Your task ::
Below are records to repeat exactly. Omit the pictures from the copy.

(Records from a collection)
◇ ◇ ◇ ◇ ◇
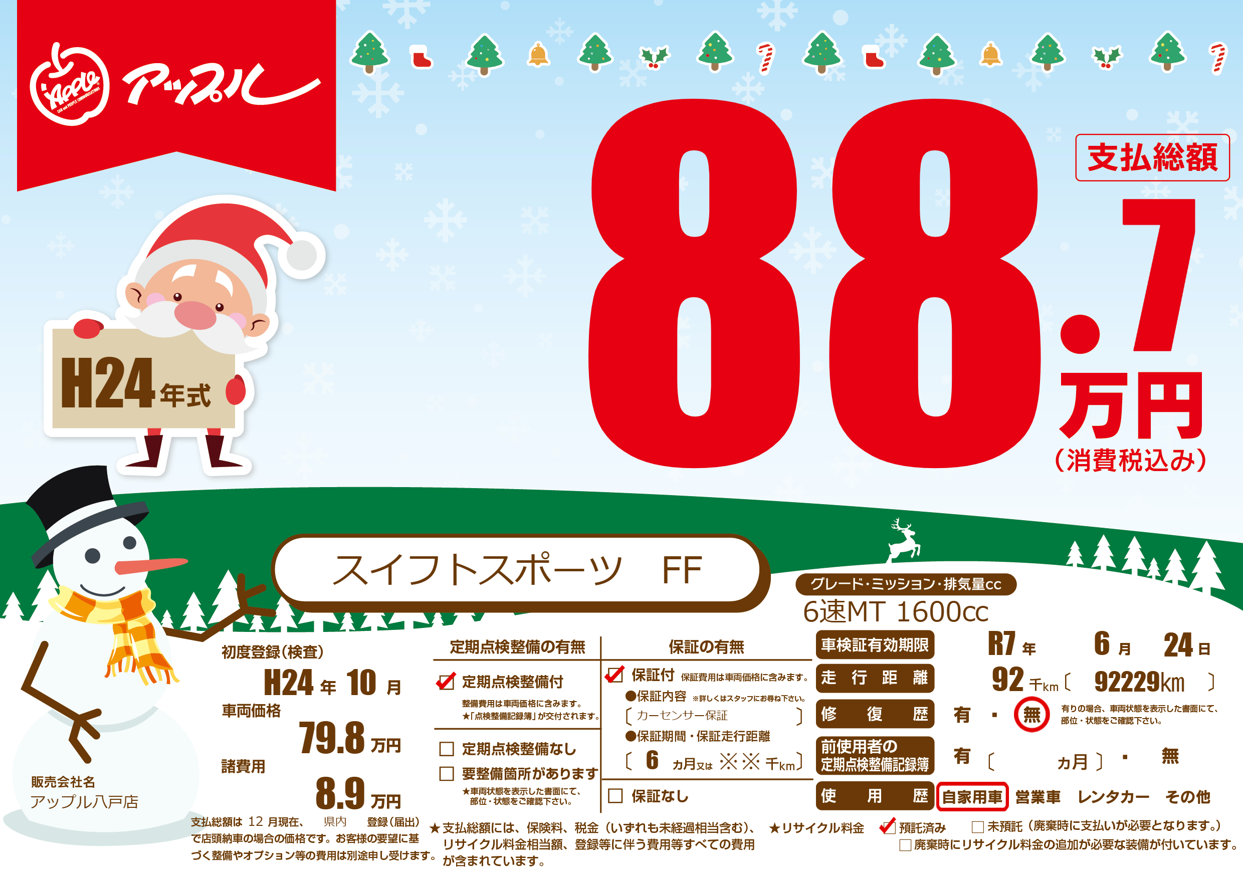 なし | 車検制限 | R7年6月24月 |
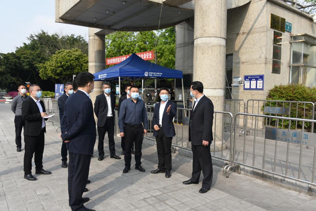 4月7日下午,黨委副書記、校長張烈輝帶領督查組深入校園疫情防控一線督導檢查工作。張烈輝強調,要以高度的政治責任感,從嚴從緊抓好疫情防控措施落細落實,嚴防死守、群策群力,堅決筑牢校園疫情防線和安全底線,統籌抓好疫情防控、畢業生求職就業和教育教學秩序,守好校園一方凈土,切實守衛廣大師生生命健康安全。
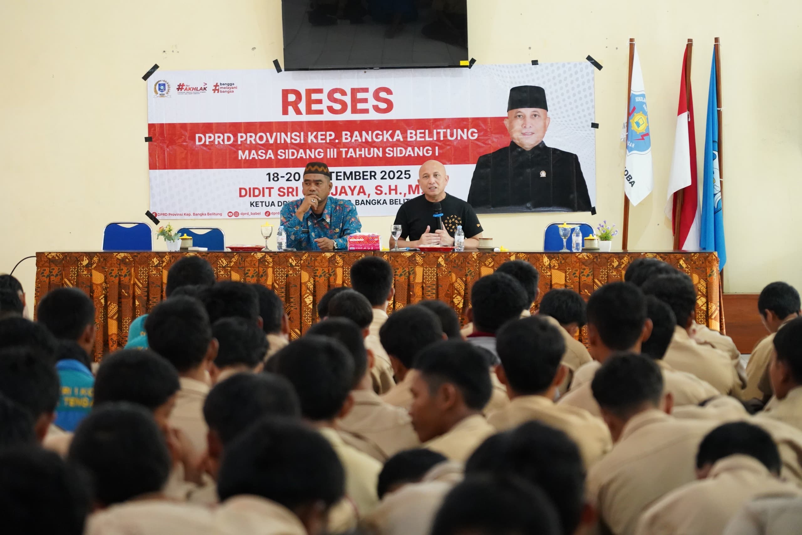 ZHIENEWS.COM, KOBA – Ketua DPRD Provinsi Kepulauan Bangka Belitung (Babel), Didit Srigusjaya melaksanakan kegiatan Reses Masa Sidang III Tahun Sidang I di SMK Negeri 1 Koba, Kamis (18/9/2025). Dalam kunjungan tersebut, Didit menyerap aspirasi pihak sekolah terkait kebutuhan sarana dan prasarana, hingga pembiayaan penunjang pendidikan.
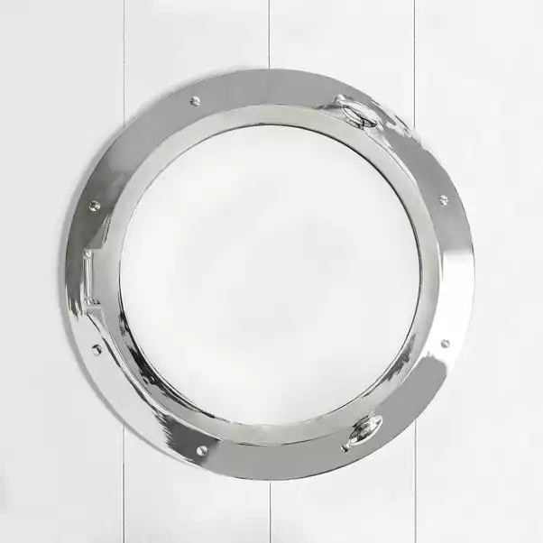 With a fun, contemporary port hole design, this circular mirror is finished in a shiny chrome silver colour and crafted from high quality, durable materials. It is wall mounted and can be fitted to most flat wall surfaces.
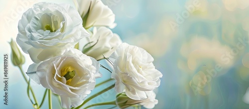 Image featuring lovely eustoma flowers on a bright backdrop with copy space image available.
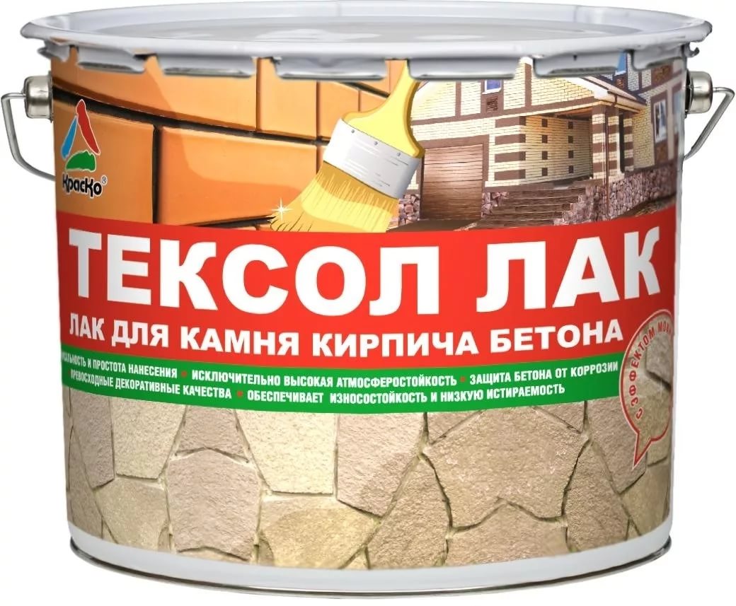 Die Grundlage für die Herstellung solcher Lacke ist Styrol, das der behandelten Oberfläche eine zusätzliche Chemikalienbeständigkeit und hohe Festigkeit verleiht. Das gebräuchlichste Material ist "Texol" - Polymerlack für Stein und Beton. Zusätzlich zu diesen Eigenschaften schützt gut vor Korrosion. In der Konstruktion wird es am häufigsten in der Behandlung von Pflastersteinen, Ziegelrändern und dekorativen Elementen verwendet. "Texol" erhöht die Nutzungsdauer der Beschichtung, es ist einfach anzuwenden, resistent gegen atmosphärische Effekte, fast nie ausgelöscht.
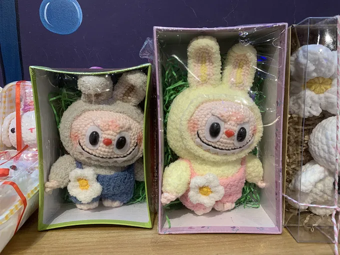 cạnh đó, những sản phẩm baby three, labubu thủ công móc bằng len cũng đang
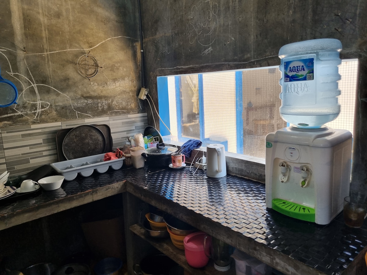 Kathy 's Place es una hermosa villa situada en el centro de KarimunJawa. La villa está compuesta por cinco dormitorios de invitados junto a una encantadora sala de estar central comunitaria que comprende una gran cocina comedor/comedor y una sala de reunión completa con TV de pantalla plana y reproductor de DVD. Dos de los cinco dormitorios tienen baño privado, los otros tres dormitorios comparten un baño. Todos los dormitorios tienen aire acondicionado (opcional en habitaciones con baño compartido) y las duchas tienen agua caliente, ¡increíble!
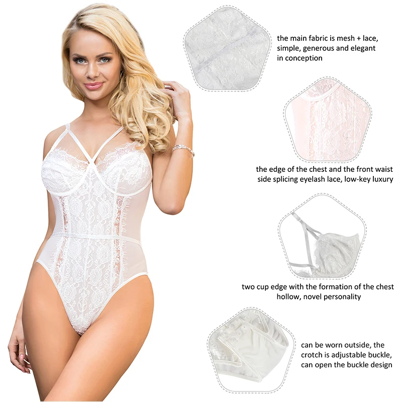 Белый кружевной боди размера плюс боди для женщин прозрачный сексуальный боди без рукавов комбинезоны с открытым шаговым швом RS80875
◇ ◇ ◇ ◇ ◇
Solution for this problem ::
 なし | 車検制限 | R7年6月24月 |
 4月7日下午,黨委副書記、校長張烈輝帶領督查組深入校園疫情防控一線督導檢查工作。張烈輝強調,要以高度的政治責任感,從嚴從緊抓好疫情防控措施落細落實,嚴防死守、群策群力,堅決筑牢校園疫情防線和安全底線,統籌抓好疫情防控、畢業生求職就業和教育教學秩序,守好校園一方凈土,切實守衛廣大師生生命健康安全。
 ZHIENEWS.COM, KOBA – Ketua DPRD Provinsi Kepulauan Bangka Belitung (Babel), Didit Srigusjaya melaksanakan kegiatan Reses Masa Sidang III Tahun Sidang I di SMK Negeri 1 Koba, Kamis (18/9/2025). Dalam kunjungan tersebut, Didit menyerap aspirasi pihak sekolah terkait kebutuhan sarana dan prasarana, hingga pembiayaan penunjang pendidikan.
 With a fun, contemporary port hole design, this circular mirror is finished in a shiny chrome silver colour and crafted from high quality, durable materials. It is wall mounted and can be fitted to most flat wall surfaces.
 Image featuring lovely eustoma flowers on a bright backdrop with copy space image available.
 Die Grundlage für die Herstellung solcher Lacke ist Styrol, das der behandelten Oberfläche eine zusätzliche Chemikalienbeständigkeit und hohe Festigkeit verleiht. Das gebräuchlichste Material ist "Texol" - Polymerlack für Stein und Beton. Zusätzlich zu diesen Eigenschaften schützt gut vor Korrosion. In der Konstruktion wird es am häufigsten in der Behandlung von Pflastersteinen, Ziegelrändern und dekorativen Elementen verwendet. "Texol" erhöht die Nutzungsdauer der Beschichtung, es ist einfach anzuwenden, resistent gegen atmosphärische Effekte, fast nie ausgelöscht.
 cạnh đó, những sản phẩm baby three, labubu thủ công móc bằng len cũng đang
 Kathy 's Place es una hermosa villa situada en el centro de KarimunJawa. La villa está compuesta por cinco dormitorios de invitados junto a una encantadora sala de estar central comunitaria que comprende una gran cocina comedor/comedor y una sala de reunión completa con TV de pantalla plana y reproductor de DVD. Dos de los cinco dormitorios tienen baño privado, los otros tres dormitorios comparten un baño. Todos los dormitorios tienen aire acondicionado (opcional en habitaciones con baño compartido) y las duchas tienen agua caliente, ¡increíble!
 Белый кружевной боди размера плюс боди для женщин прозрачный сексуальный боди без рукавов комбинезоны с открытым шаговым швом RS80875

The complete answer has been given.